On Taking Time for Yourself

I have never been good at knowing when to quit. I am someone who is constantly in their brain about working because on days that I am not, I don't usually feel good about myself. If I could start a project and not stop working until it was finished, I would. The project would be terrible, but it would be done and I would feel better. Unfinished work manifests as a nagging anxiety in my brain. Why isn't it done? I need to work on that. I'm so far behind.


Consequentially and perhaps unsurprisingly, my burnout rate is quite high. Up until last year, my hard drive was littered with unfinished project after unfinished project. Shorts, features, pilots, all of the above. Stopped on page 42 or 17. In the middle of an argument or a slugline. Unsure where they were going next.

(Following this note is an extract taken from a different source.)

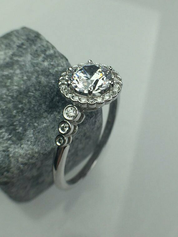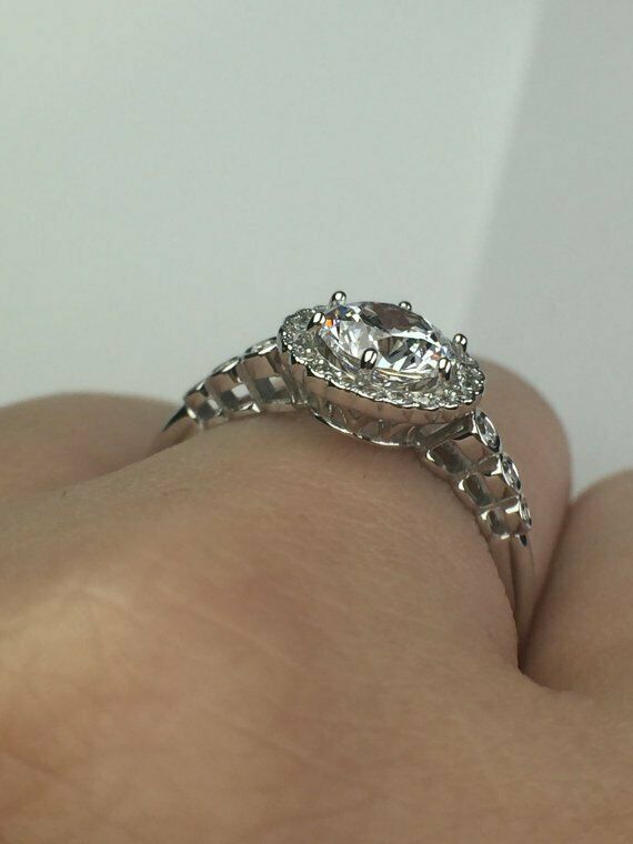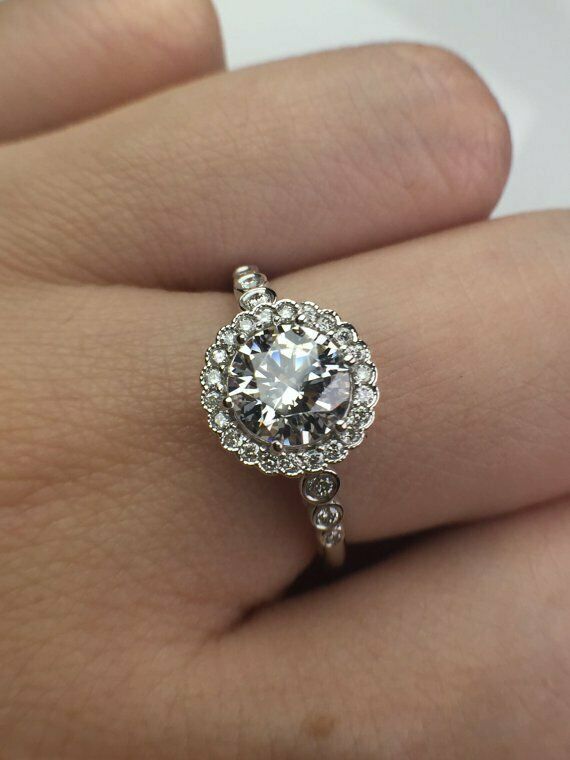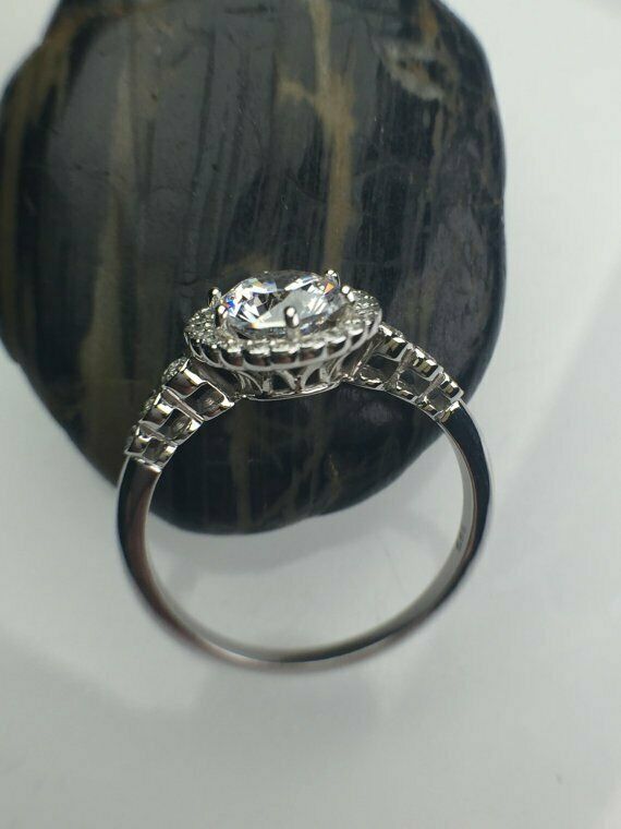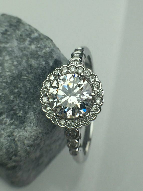 2Ct Round Cut Diamond Vintage Floral Halo Engagement Ring 14K White Gold Finish

The self worth I have (unhealthily) tied to my work was not very high because the standards I set for myself I did not know how to reach them. I would set a goal, fail to reach it, then hate myself for not reaching it. Repeat.


Ignoring all of this quarantining, I have decided to dedicate this month to something other than a writing, directing, or editing project for the first time since December 2018. It feels strange, in part because in my mind stopping = death. I am not stopping altogether- I still have this blog, and I still have some work training I have to do, but for the most part, the writing and the editing and the directing are on hold. I am exhausted and my brain, at the very thought of actually trying to outline something new, seems to seize and shut down. Writing takes a great deal of focus from me. Using that focus for things in my personal life feels a bit more important right now.


More than that, when jumping into a new project, I want to give it everything I have. And right now, that isn't a lot. I need to recharge, fill my brain with different ideas, think about the weird and arbitrary physics of wiffleballs for a while. Because the work is always there. That's the best part about it. I am always running towards some imaginary finish line or broad idea of success and the reality is that there is no finish line. There's only the work. You can do it every day until your brain bleeds, or you can take breathers when you need them. And right now, I'm taking a breather.